This section provides an overview of the main hardware components in the Bittide system. Each component plays a specific role in enabling efficient, synchronized, and flexible operation of the hardware platform.

Available Components

Calendar

The Calendar component is a programmable state machine that drives the configuration of other components (like the Scatter Unit, Gather Unit, or Switch) on a cycle-by-cycle basis.
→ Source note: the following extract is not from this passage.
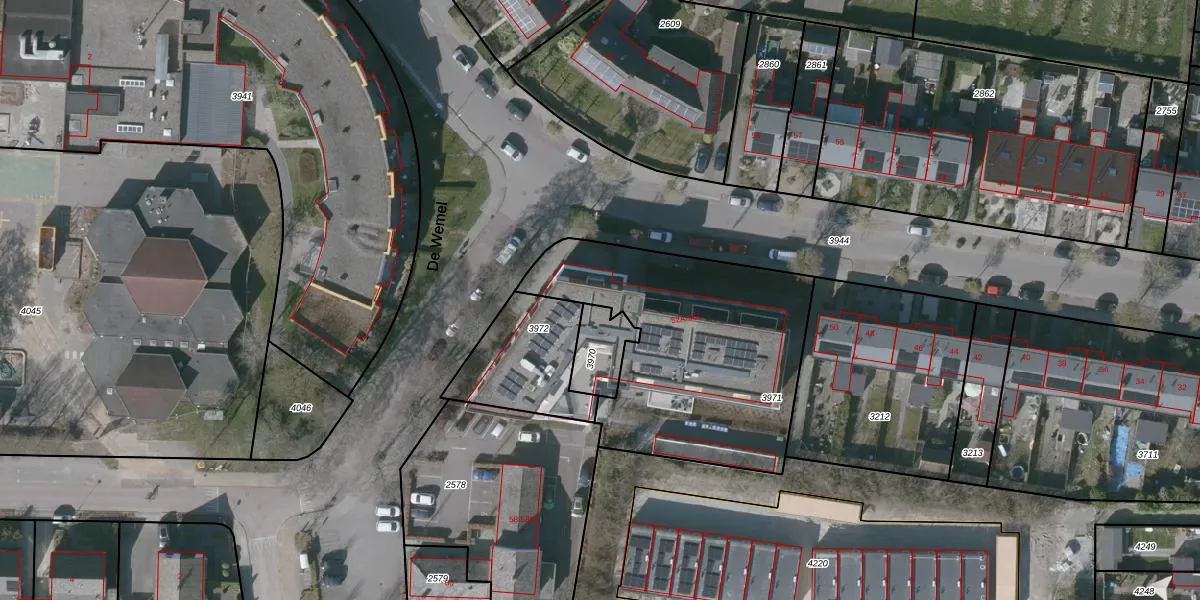 Het adres is gelegen op perceel 3971 in de sectie C en de kadastrale gemeente Wemeldinge. De kadastrale aanduiding is aldus WMD02-C-3971. Het perceel is kleiner dan gemiddeld in Wemeldinge. Het perceel is 1170 m² groot, terwijl het gemiddelde ligt op 8483,84 m². De grootste perceeloppervlakte in de kadastrale gemeente is 10,48 km². De kleinste oppervlakte bedraagt 1 m². Er zijn 7 adressen aanwezig op het perceel. De huidige grenzen van het perceel zijn digitaal in de Basisregistratie Kadaster (BRK) geregistreerd op 19-07-2005.

It allows for time-division multiplexing of resources by cycling through a sequence of pre-programmed configurations.

Architecture

Diagram not found at ../../mdbook-drawio/components-page-2.svg

The Calendar consists of two memories (buffers) to allow for double-buffering: an active calendar and a shadow calendar.

  • The active calendar drives the output signals to the target component.
  • The shadow calendar can be reconfigured via the Wishbone interface without interrupting the operation of the active calendar.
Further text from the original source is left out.